When the War ended, the word got around to all. Some of the slaves didn't have sense enough to know what it was all about, but they joined in with the others, shouting "Free, at Last! Free as a frog." They jumped and hollowed and carried on something terrible. The boys in blue came by to excite them more. We stayed there, like heap of them did, for a many a year after the War. Then we moved off to another place near by but that wasn't the same, as the old home place. Seemed like we couldn't be contented no where else, so we moved back. After a number of years they changed overseers and for some reason my Grandma couldn't get along with him so we left. I never did give up till I had to, 'cause I wanted to stay. Didn't have no trouble with the Ku Klux Klan, the Night Riders or nothing. The Reconstruction came and went but it didn't bother us none. In certain places the colored folks voted, and I has heared of them holding public office as high up as the Senate. None of them don't vote now. I 'speck they ain't got money enough to pay their taxes.

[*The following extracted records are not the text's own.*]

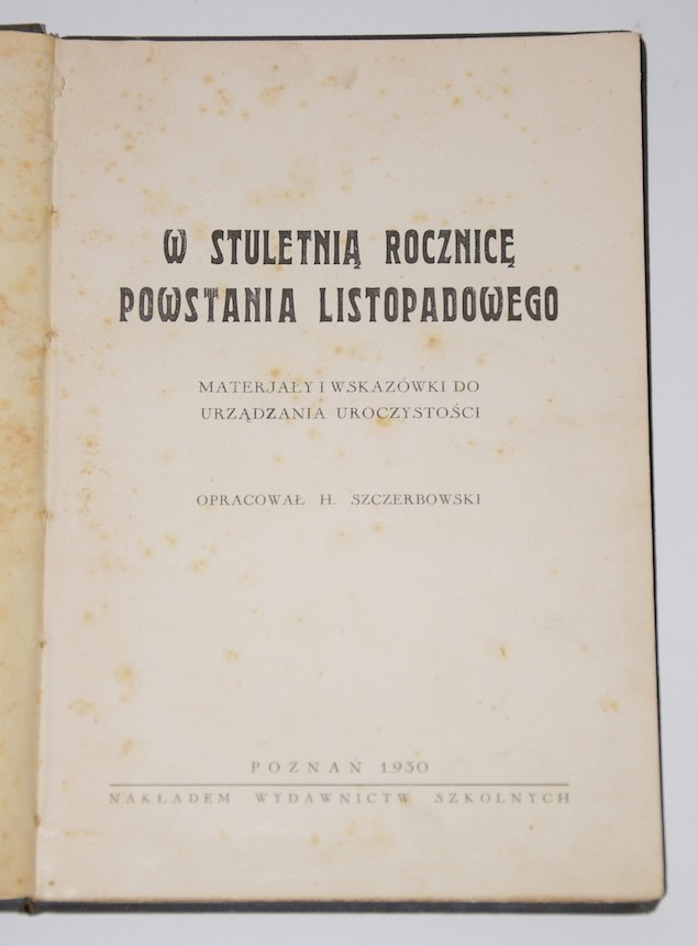 Tytuł: W stuletnią rocznicę powstania listopadowego. Materjały i wskazówki do urządzania uroczystości. Opracował ...
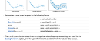 xi a real-valued number Quantity[xi,unit] a quantity with a unit xi±ei value xi with uncertainty ei Around[xi,ei] value xi with uncertainty ei Interval[{xmin,xmax}] values between xmin and xmax - The xi and yi can also be dates, times or categorical values if appropriate settings are used for the ScalingFunctions option, or if the type information is available from the tabular data source.
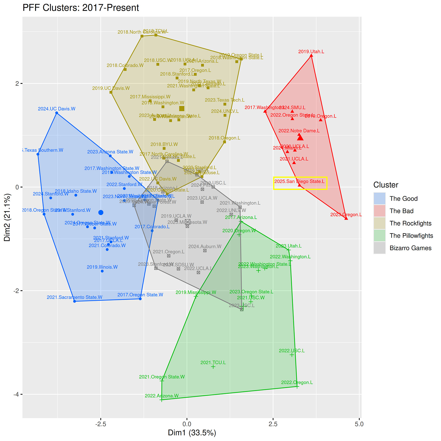 Of course we do! If you thought this would end up anywhere but The Bad, you need to get your eyes checked. The plot above clusters similarly graded games together, and this one fell somewhere between the 14-42 loss to UCLA in 2021 and the 19-63 loss to Oregon in 2023. Great company, those games.
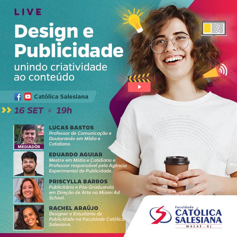 Como alinhar design e publicidade de modo a criar conteúdos criativos e persuasivos será o objetivo da Live “Design e Publicidade: unindo criatividade ao conteúdo”, promovido pela Faculdade Católica Salesiana no dia 16 de setembro, às 19h, pelo canal do YouTube /salesianamacae.
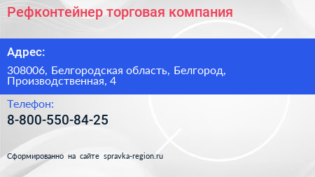 Рефконтейнер, торговая компания по адресу 308006, Белгородская область, Белгород, Производственная, 4 в дальнейшем Организация, размещена в следующих категориях:
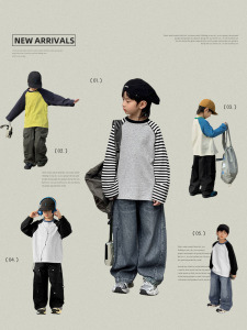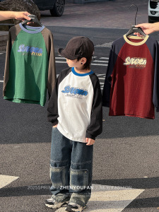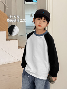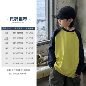 男の子用カジュアル長袖Tシャツ、2025年秋新作、子供用純綿肌に優しいTシャツ、大きい子供用春秋ラウンドネックトップス
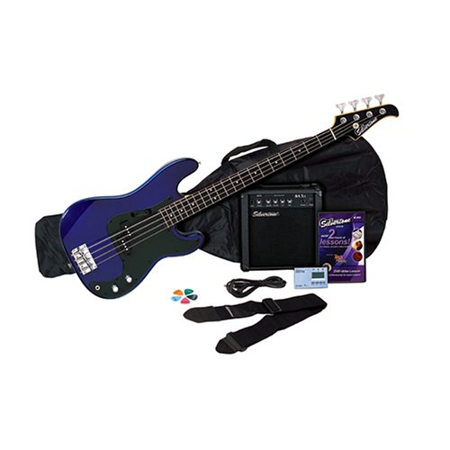 The Silvertone Bass Guitar Package is loaded with everything you need to bang out some serious bottom. Featuring the Silvertone SSLB-11 "Precision" style 4 - string bass (34" long scale, 20 fret maple neck with Rosewood fretboard, 1 split "P" style pickup, 1 volume and 1 tone control, chrome die-cast enclosed tuning machines, fully adjustable chrome bridge). The Silvertone Bass Guitar Package also includes the BA-10 bass amp (10 watts RMS, 7" bass driver, 3-band EQ, headphone jack), GT-8 tuner, gig bag, strap, cable, pickpack, and instructional DVD. Cobalt Blue
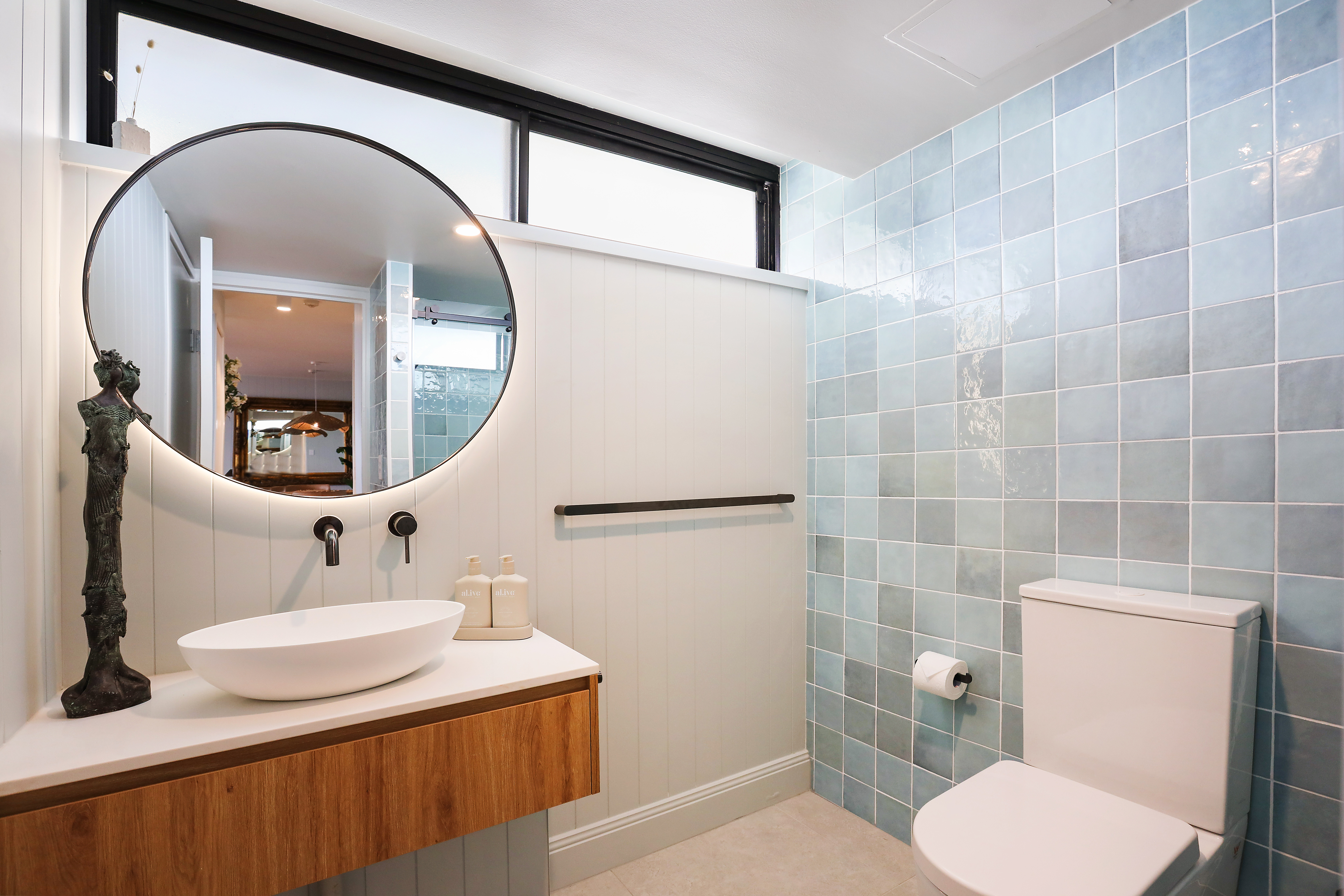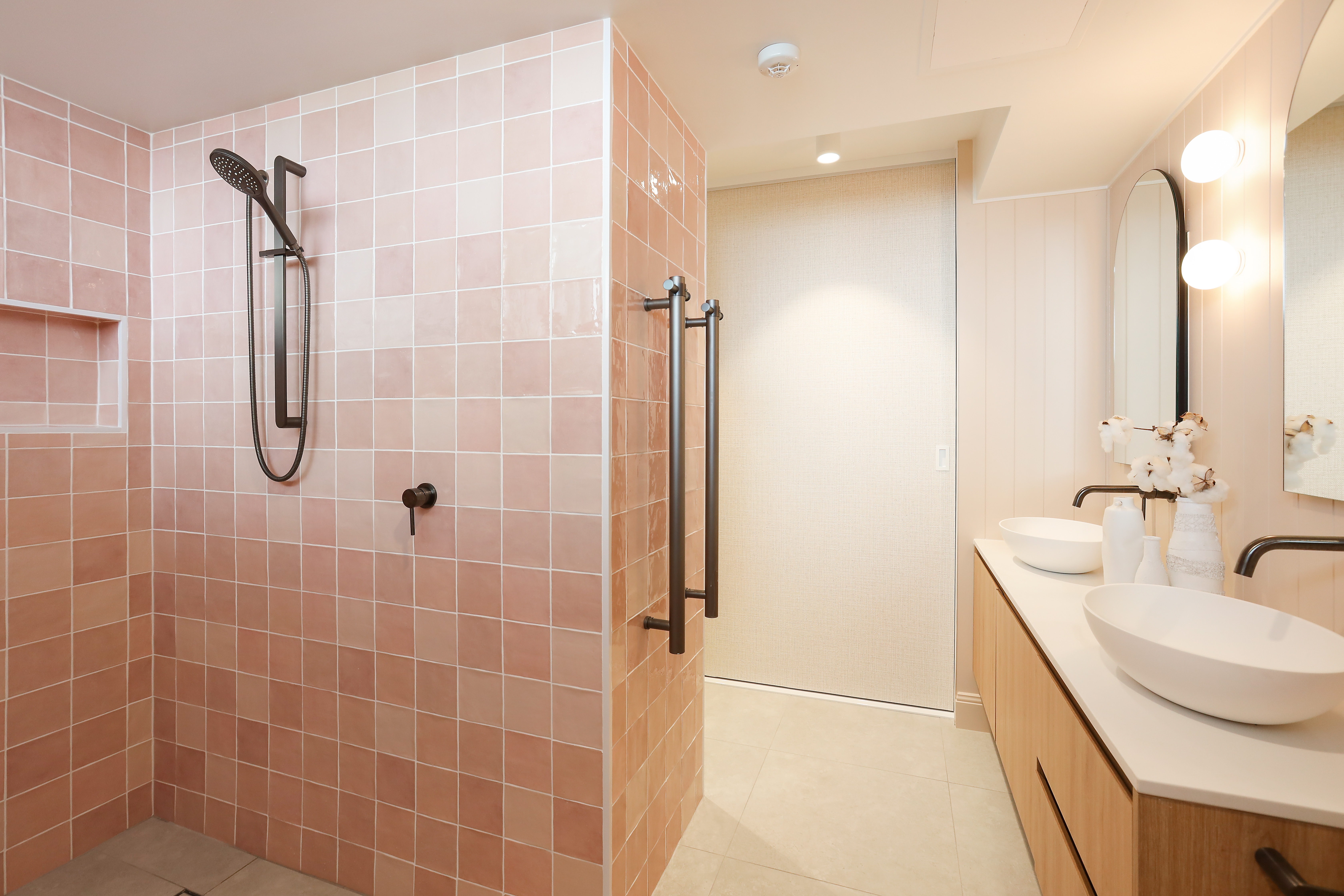 - Ensuite with double vanity, large shower, wall storage mirrors, vertical heated towel rails

After we left the old homeplace we moved to Greenville and there I lived for forty years. I worked by the day at the oil mill and ran a public dray wagon. Schools were started up for negroes. White teachers taught till the colored could learn to master the old Blue Back speller. When you get all there is, in that book its just the same as mastering the Bible. When I married my first wife, Linie, we was both dressed up in the best we had. Didn't get no special clothes for the occasion. We had four children. Two boys and two girls. Two of them is still living. The girl Carrie Belle is in Chicago, and the boy has been the cook in a restaurant in Clarksdale for years and years. I moved to Coahoma County in the year 1910. After my first wife died, I married Betsy and we is still living together. I am able to work a little yet. Up to this year Betsy could pick cotton, but she ain't no 'count now 'cept to do our little cooking. She can't remember 'bout all the noted men like I can. There is Abraham Lincoln, he was talked of much, 'cause he set us all free, and Jefferson Davis, he was a great man. He done his part for what he thought was right. He didn't think they had a right to take the slaves away from their owners, when they had done bought them. Some of the colored people thinks there ain't nobody like Booker T. Washington. I hears them talk about him, but for my part, I don't know nothing about his displays.
Nobody is raising their children up right these days. They got no manners. Don't come around the old folks, so fraid they will be asked to do something. Their mothers not much better. Don't come to the door to ask about us if we sick. Me and my wife lives to be honest and righteous. We is both members of the Baptist Church and we don't visit none, 'sept the ones that lives as we does. Its hard pulling to make a living these days. Even with the little money the Government gives me, its hard to get by. Things is so high, money won't buy much. You just handles it; thats all.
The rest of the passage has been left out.